Tout cela commença sérieusement durant la guerre du Vietnam. Les Viêt-Cong se réfugiaient au Cambodge pour avoir un peu de répit face au napalm, et cela n’a pas du tout plu aux amerloques. Ainsi, ils envoyèrent des centaines de milliers de mines et de bombes au Vietnam, mais oh, pardon, nous pensions que nous bombardions le Vietnam, pas le Cambodge. D’ailleurs, nous n’avons officiellement jamais bombardé le Cambodge. Les mines anti personnel ? Pas nous.

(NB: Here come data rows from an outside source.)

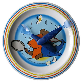 Kinderteller und Kinderbesteck und davor sitzt ...
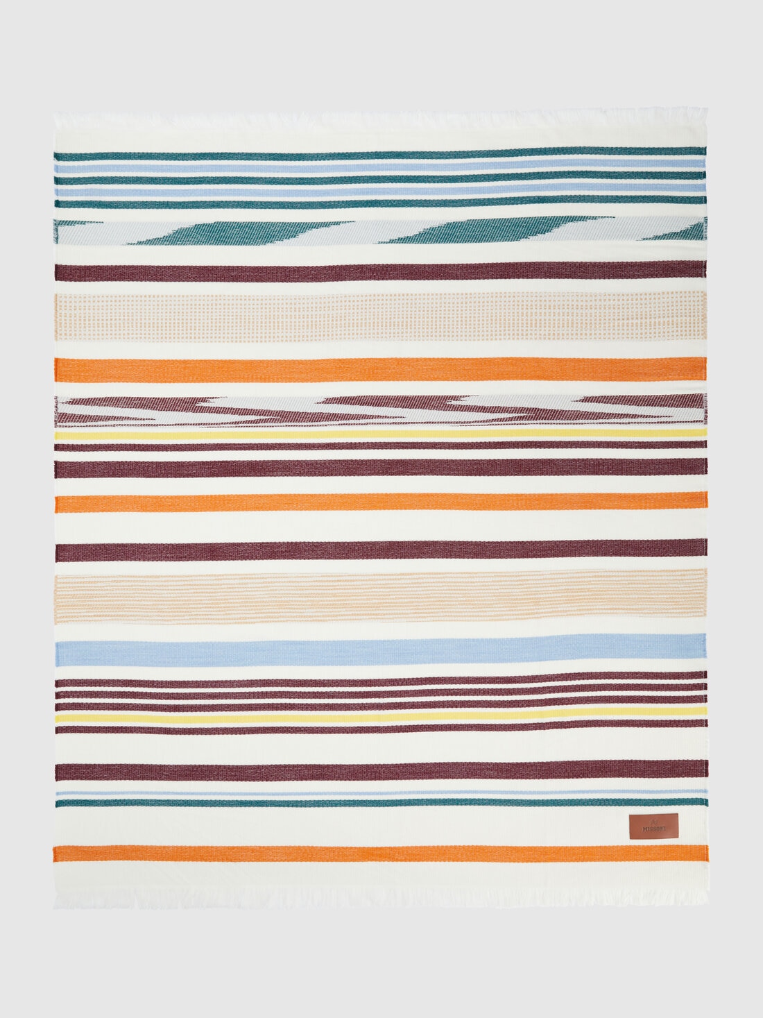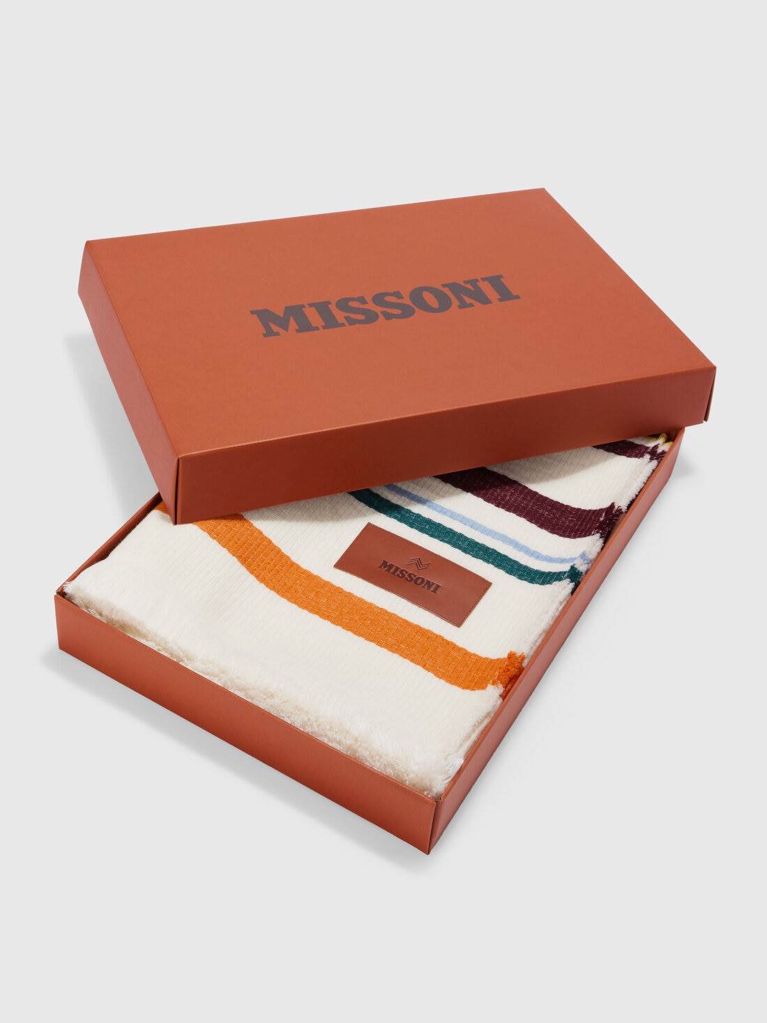 The Biarritz plaid, made from 100% wool and measuring 160x190 cm, is the perfect balance of comfort and design. Its irregular stripe pattern creates an eccentric and dynamic interplay of shapes, adding a touch of originality and vibrancy to any space. Ideal for wrapping yourself in the warmth of wool, it brings a bold yet sophisticated accent to your home, reflecting Missoni’s unmistakable style and timeless quality.
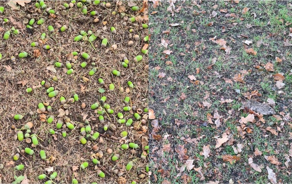 Maar nu naar 2022. In de foto in de header zie je links de eikelproductie van een prachtige vrijstaande eik bij mij in de buurt in het najaar 2020 en rechts dezelfde plek in 2021. Het verschil behoeft geen toeliching. Van bosmuizen is bekend dat de aantallen meebewegen met het aantal eikels (en andere nootje als die van de beuk en hazelaar). Als de eikeloogst (met een bosbouwterm mast genoemd) van 'mijn' eik representatief is voor de oogst aan eikels, beuken- en hazelnoten in het afgelopen najaar, dan ziet het er slecht uit voor de bosmuis. En daarmee voor de dieren waarbij de bosmuis een prominente plek op het menu inneemt. En dus voor steenuilen.
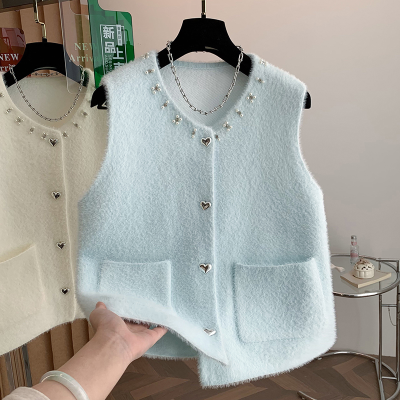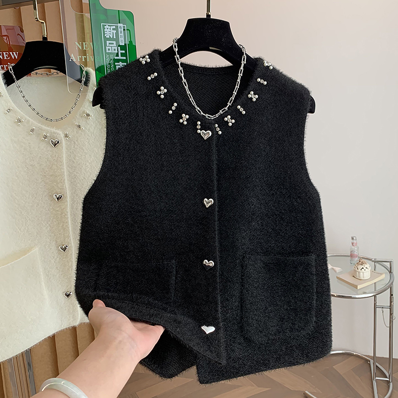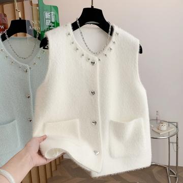 重工钉珠小香风气质针织背心马甲女秋冬高级感叠穿马夹上衣
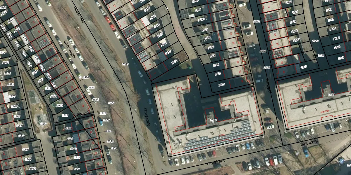 Graskant 103 is gelegen op kadastraal perceel STR03G2304. Deze kadastrale aanduiding is uniek en wordt gebruikt door het Kadaster om eigendomsrechten en andere zakelijke rechten vast te leggen. Het perceel maakt onderdeel uit van de kadastrale gemeente Strijp.
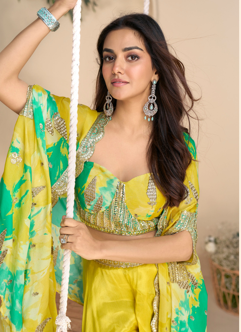 Elevate your festive wardrobe with this designer Cape Style Sharara Set crafted in luxurious Chinon fabric. Featuring a beautifully embroidered blouse, soft draped sharara bottoms, and a statement floral cape-style dupatta, this ensemble is perfect for Indian and Pakistani wedding events, Haldi, Mehndi, and festive celebrations.
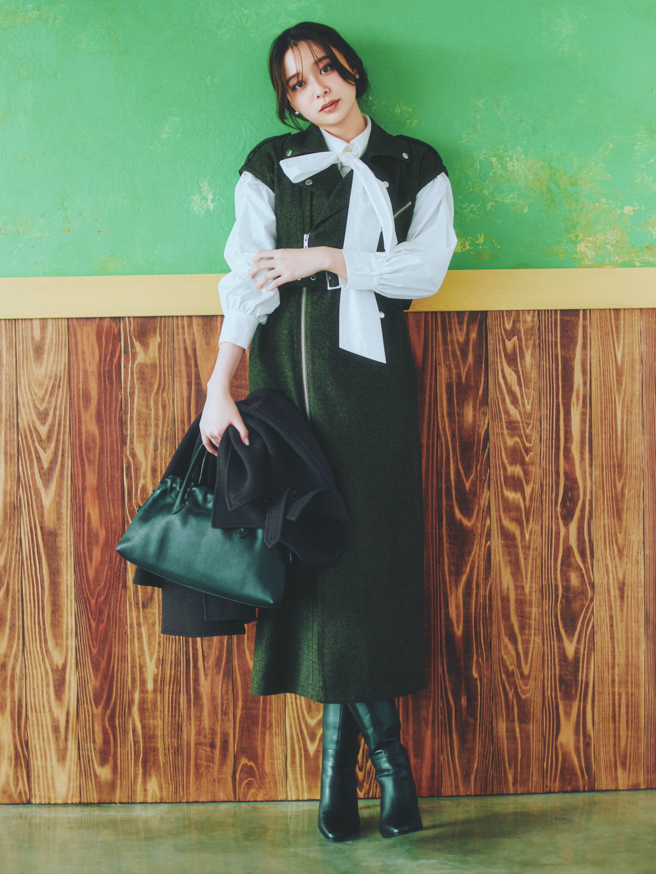 程よくドレッシーに楽しむならワンピとのレイヤリングが推し! ライダースディテールを効かせたキレのある1枚は、ボウタイブラウスと掛け合わせることで美人なムードに着地。黒小物でかっちり整えると社内でも浮かない♪
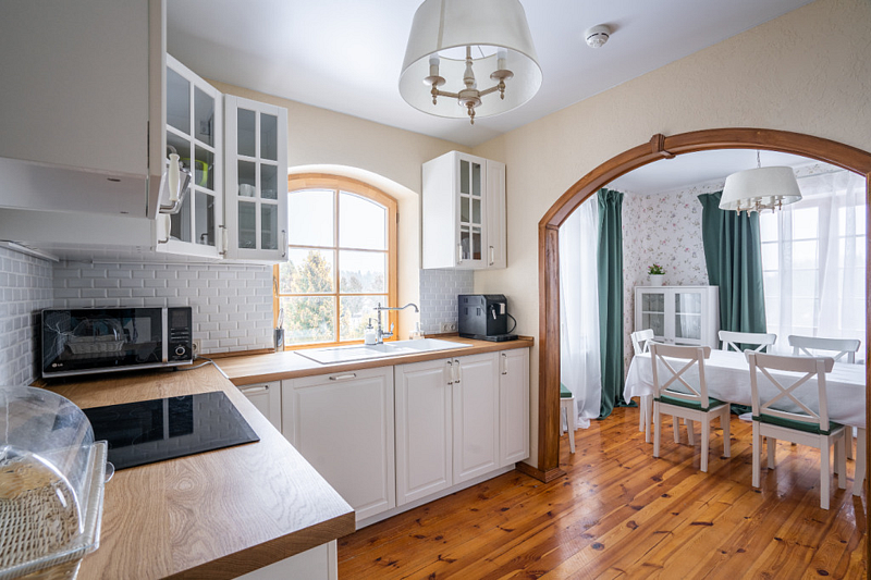 Дом 170 кв.м и имеет 5 спален (3 двухместные, 2 одноместные), в доме 2 санузла, большая гостиная с камином, кухня и столовая.
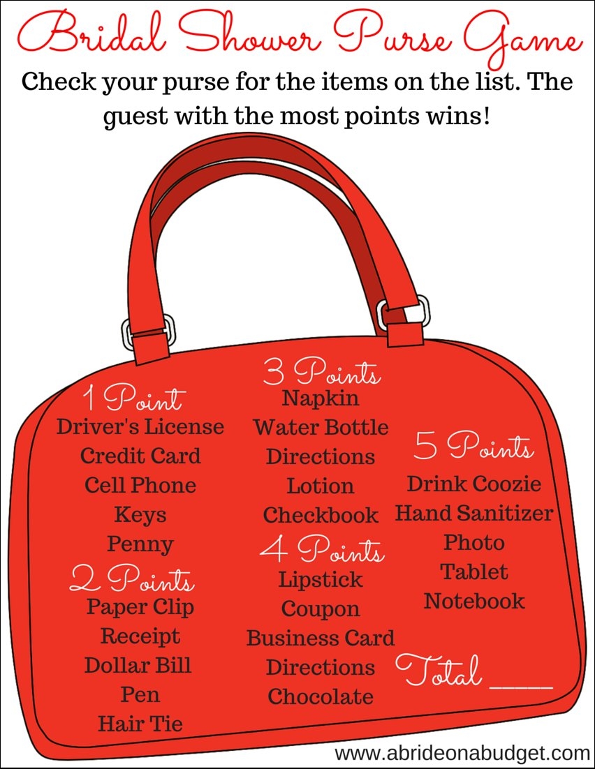 A Bride On A Budget Bridal Shower What s In Your Purse Game plus A Free Printable
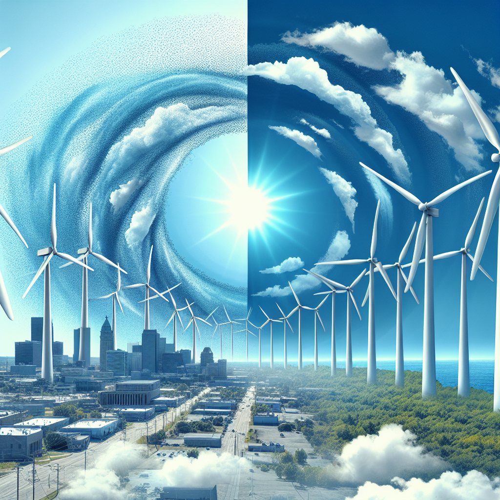 User prompt: Please respond with an image generation prompt that would be likely to create an interesting visual using DALLE-3, using the following style: [ A photo-realistic image ] and depicting this scene: In Tulsa, Oklahoma, the air quality index shows a significant improvement with clear blue skies and fresh air. Meanwhile, in Puerto Rico, wind turbines are spinning vigorously, generating abundant wind power. The cleaner air in Tulsa has sparked a chain of breezy benefits, leading to stronger winds in Puerto Rico, where the wind energy production is thriving. Keep the visual depiction simple. Do not include any words or speech bubbles.
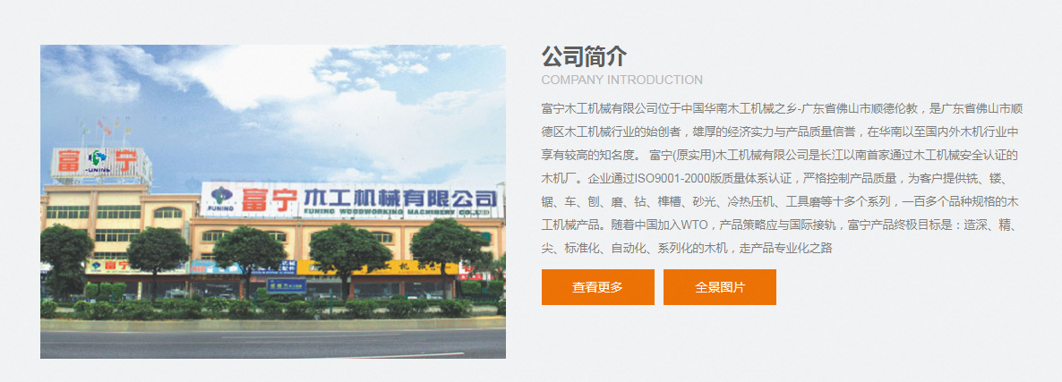 富宁(原实用)木工机械有限公司通过木工机械认证的木机厂。企业通过ISO9001-2000版质量体系认证,严格控制产品质量,为客户提供铣、镂、锯、车、刨、磨、钻、榫槽、砂光、冷热压机、工具磨等十多个系列,一百多个品种规格的木工机械产品。随着加入WTO,产品策略应与国外接轨,富宁产品目标是:造深、精、尖、标准化、自动化、系列化的木机,走产品专业化之路。
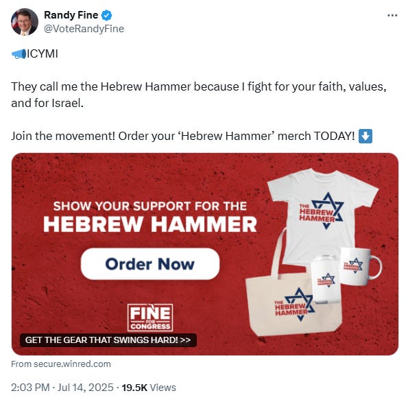 On November 26th, 2024 Randy Fine tweeted that he, the “Hebrew Hammer” was coming to congress and that the two Muslim congresswomen should “consider leaving before I get there”. (Reading this as any kind of threat, which some Islamic advocacy groups attempted to do, is obviously absurd. It does, however, demonstrate a specific ethnic/religious conflict among members of the U.S. congress).
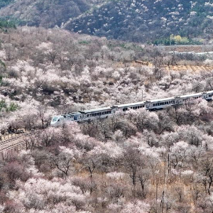 近日,北京居庸关长城脚下的山花渐次开放。北京市郊铁路S2线列车穿行于花海间,成为春日里一道美丽的风景,吸引不少游人前来赏春。

Ensuite, un coup d’Etat soutenu par les américains voit la frontière avec le Vietnam encore un peu plus minée qu’elle ne l’était déjà, guerre froide oblige. Une couche de plus, les mines tombent du ciel par milliers.
Puis vint le règne et la chute des Khmers Rouges. Pour ne pas qu’on les retrouve trop facilement, la team Pol-Pot s’est barricadée dans ses maisons luxe et a capitonné le tout avec des mines le long de la frontière avec la Thaïlande.
Voilà. Sachez qu’une mine est programmée pour vivre 150 ans. Ils ont encore le temps de sauter par accident.
Le désastre qui résulte de cette hystérie, c’est que des parents sont obligés d’interdire à leurs enfants d’aller jouer au foot derrière la maison. Que les champs ne sont pas cultivables. Et que régulièrement, en essayant de construire sa maison, il y a un Khmer qui perd une jambe dans le meilleur des cas.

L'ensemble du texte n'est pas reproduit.